Task to complete:
Your task is to repeat the lines below exactly, excluding any pictures they contain.

------------

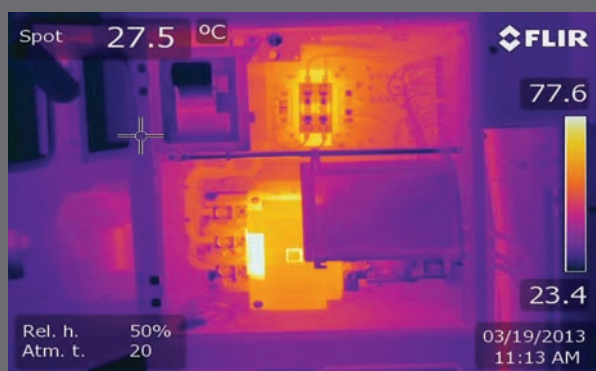
Terzo caso. Una seconda ispezione ad infrarossi su un contatore parte di un motore orbitale ha confermato la presenza di tracking come precedentemente rilevato dagli ultrasuoni

possibile vedere ciò che viene definito contenuto in frequenza. Il contenuto in frequenza è molto semplicemente l'attività armonica tra le armoniche dominanti. Al peggiorare delle condizioni, si verificherà una perdita dell'armonica dominante a 60 Hz, nonché una diminuzione dell'uniformità d'ampiezza dell'ultrasuono registrato.
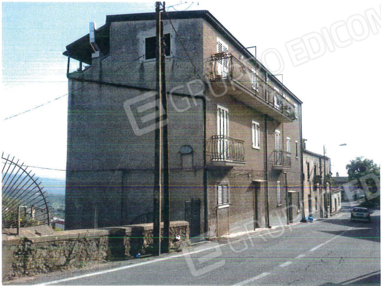
Prospetto del fabbricato principale su Viale Roma – Bisignano (CS)
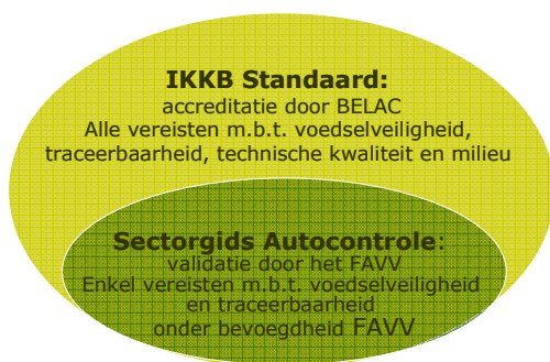
Fig. 3 Relatie tussen de IKKB Standaard en de Sectorgids Autocontrole voor de Primaire Plantaardige Productie.

Het verschil tussen de IKKB Standaard en de Sectorgids Autocontrole voor de Primaire Plantaardige Productie wordt weergegeven in Fig. 3.
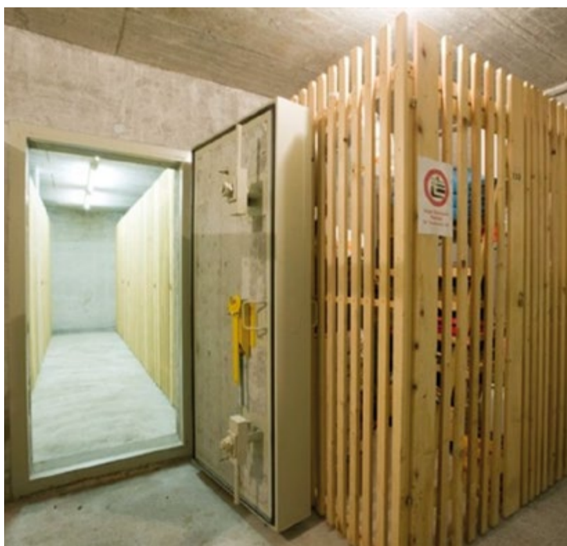
Alle zehn Jahre muss gemäss Gesetz eine Schutzraumkontrolle durchgeführt werden.

Vertreter) ist zwingend notwendig. Die Kontrolleure müssen sich auf Ihr Verlangen ausweisen können. Über das Resultat der Kontrolle wird ein Protokoll geführt, welches gegenseitig zu unterzeichnen ist. Sollte etwas mit dem Schutzraum nicht in Ordnung sein, wird darüber schriftlich informiert und es
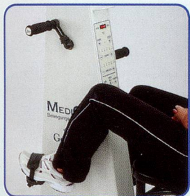
Nur Beine bewegen
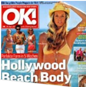
Mann, siehst du gut aus! Bei trockener Haut: Shaving Oil von Environ . OK!, 04/08
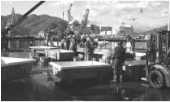
地場産業の振興は (水産課提供)
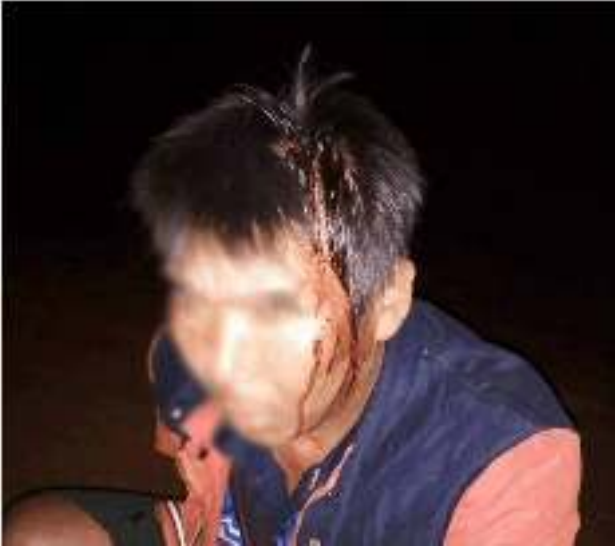
ရွာသူကြီး လုံးကောဝိ၏ခေါင်းဒဏ်ရာ

(၆) လုံးကောစံလှ၊ ပါစုတို့၏သား၊ အသက် ၃၈နှစ်ရှိစိုင်းစိန်တာသည် အချက်(၂၀) အရိုက်ခံရ

------------

Answer area:
Terzo caso. Una seconda ispezione ad infrarossi su un contatore parte di un motore orbitale ha confermato la presenza di tracking come precedentemente rilevato dagli ultrasuoni

possibile vedere ciò che viene definito contenuto in frequenza. Il contenuto in frequenza è molto semplicemente l'attività armonica tra le armoniche dominanti. Al peggiorare delle condizioni, si verificherà una perdita dell'armonica dominante a 60 Hz, nonché una diminuzione dell'uniformità d'ampiezza dell'ultrasuono registrato.
Prospetto del fabbricato principale su Viale Roma – Bisignano (CS)
Fig. 3 Relatie tussen de IKKB Standaard en de Sectorgids Autocontrole voor de Primaire Plantaardige Productie.

Het verschil tussen de IKKB Standaard en de Sectorgids Autocontrole voor de Primaire Plantaardige Productie wordt weergegeven in Fig. 3.
Alle zehn Jahre muss gemäss Gesetz eine Schutzraumkontrolle durchgeführt werden.

Vertreter) ist zwingend notwendig. Die Kontrolleure müssen sich auf Ihr Verlangen ausweisen können. Über das Resultat der Kontrolle wird ein Protokoll geführt, welches gegenseitig zu unterzeichnen ist. Sollte etwas mit dem Schutzraum nicht in Ordnung sein, wird darüber schriftlich informiert und es
Nur Beine bewegen
Mann, siehst du gut aus! Bei trockener Haut: Shaving Oil von Environ . OK!, 04/08
地場産業の振興は (水産課提供)
ရွာသူကြီး လုံးကောဝိ၏ခေါင်းဒဏ်ရာ

(၆) လုံးကောစံလှ၊ ပါစုတို့၏သား၊ အသက် ၃၈နှစ်ရှိစိုင်းစိန်တာသည် အချက်(၂၀) အရိုက်ခံရ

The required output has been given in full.